There is no special case. You made it up by confusing yourself about “dismissing a bracket.” To everyone else in the world, brackets are just another term. Several of the textbooks I’ve linked will freely juxtapose brackets and variables before or after, because it makes no difference.
Here’s yet another example, PDF page 27: (6+5)x+(-2+10)y. And that’s as factorization. This Maths textbook you plainly didn’t read was published this decade. Still waiting on any book ever that demonstrates your special bullshit.
7bx with b=(m+n) becomes 7(m+n)x and it’s the same damn thing. Splitting it like 7xm+7xn is no different from splitting (m+n)/7 into m/7+n/7. Brackets only happen first because they have to be reduced to a single term. A bracket with one number is not “unsolved” - it’s one number. Squaring a bracket with one number is squaring that number.
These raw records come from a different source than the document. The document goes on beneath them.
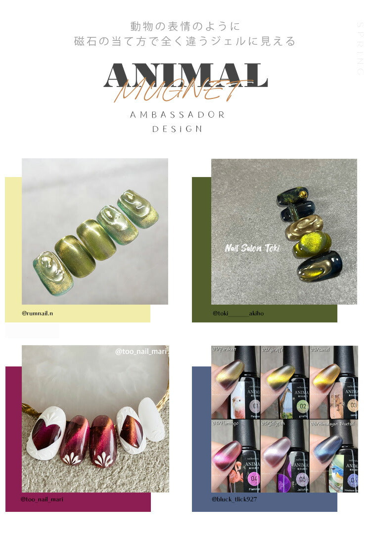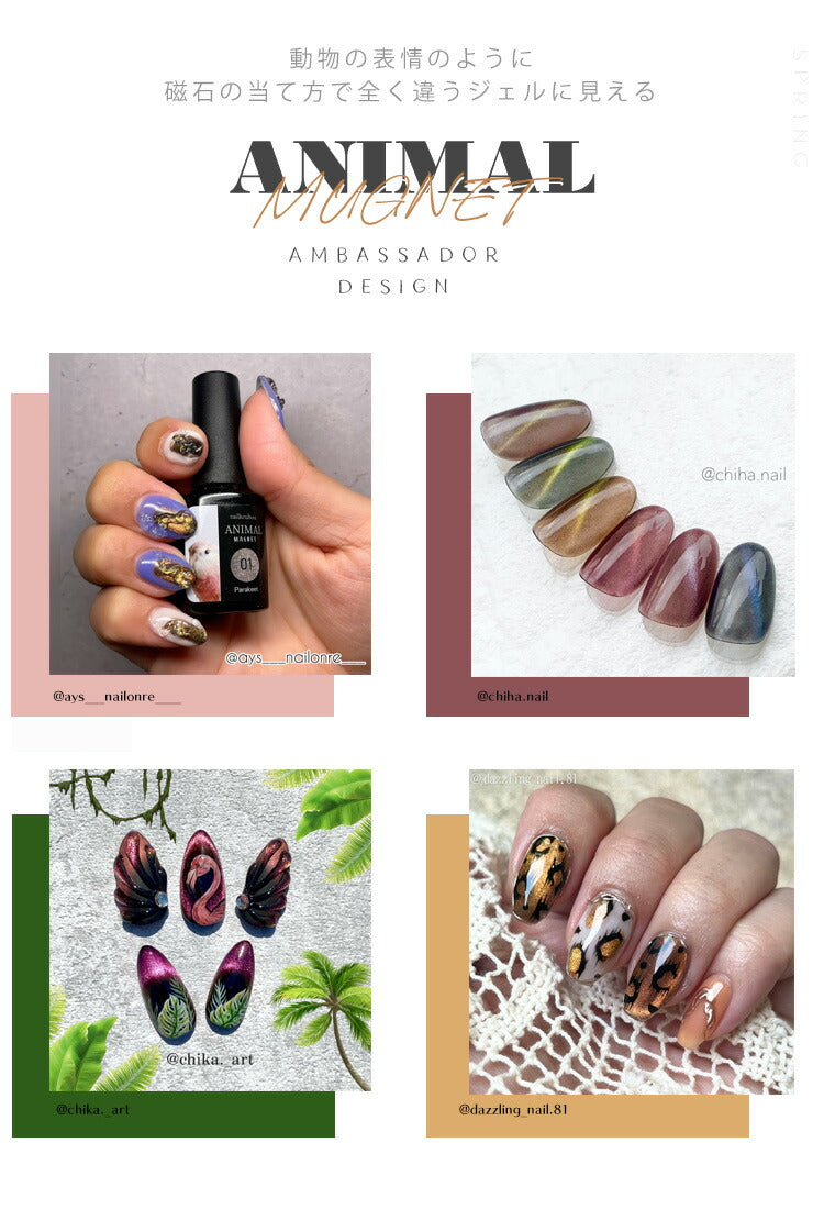 【ANIMAL★MAGNET】マグネットネイル バイカラー くすみカラー シアーカラー カラージェル ジェルネイル クリアカラー カラー ポリッシュ ネイルジェル アートジェル ジェルネイル用品 爪 カラージェルネイル ジェルネイルアート ネイル工房 にわちゃん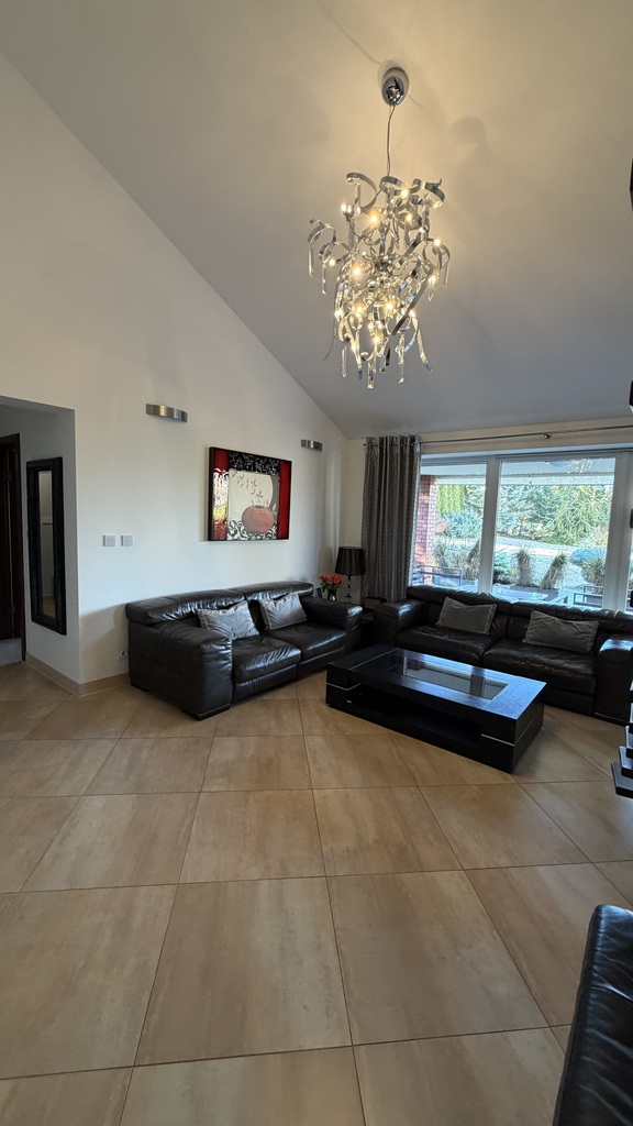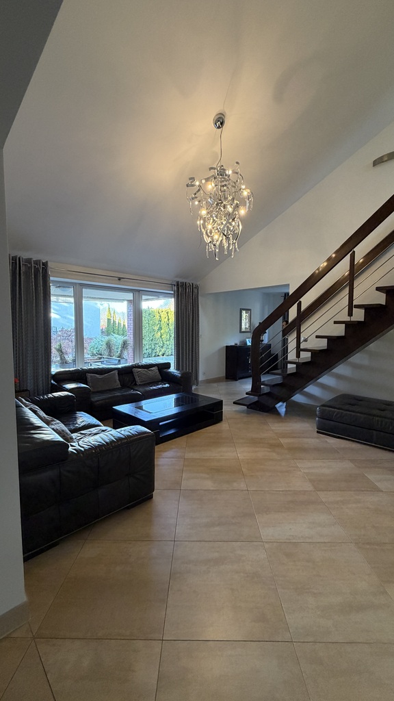 Solidny dom o powierzchni ok. 160 m² (rok budowy ok. 1990), wykończony materiałami wysokiej klasy. Mimo upływu lat, wnętrza zachwycają jakością i przestrzenią.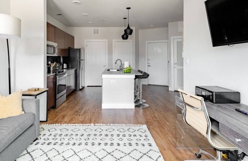 * Ubicado en el río San Antonio * Cerca del centro, UTSA, Centro de convenciones, Pearl Brewery y mucho más * 55 "y 43" 4K HDTV con Roku y Netflix * Cama tamaño Queen * Sofá cama * WiFi gratis súper rápido * En la unidad llena de gran tamaño con lavadora y secadora con detergente * Lavaplatos con detergente * Keurig con café, té y condimentos * Aire acondicionado centralizado y calefacción * Piscina comunitaria, gimnasio, área de parrilla (24/7) * Estación Bike Share * 1 estacionamiento gratuito lugar * Silla alta y silla de paseo * Sendero para caminar / andar en bicicleta en la propiedad

The base of an exponent is whatever’s in the symbols of inclusion. Hence: 6(ab)3 = 6(ab)(ab)(ab).
No, it has a a(b-c) term, squared
It has a (b-c) term, squared. The base of an exponent is whatever’s in the symbols of inclusion. See page 121 of 696, in the Modern Algebra: Structure And Method PDF you plainly got from Archive.org. “In an expression such as 3a2, the 2 is the exponent of the base a. In an expression such as (3a)2, the 2 is the exponent of the base 3a, because you enclosed the expression in a symbol of inclusion.” You will never find a published example that makes an exception for distribution first.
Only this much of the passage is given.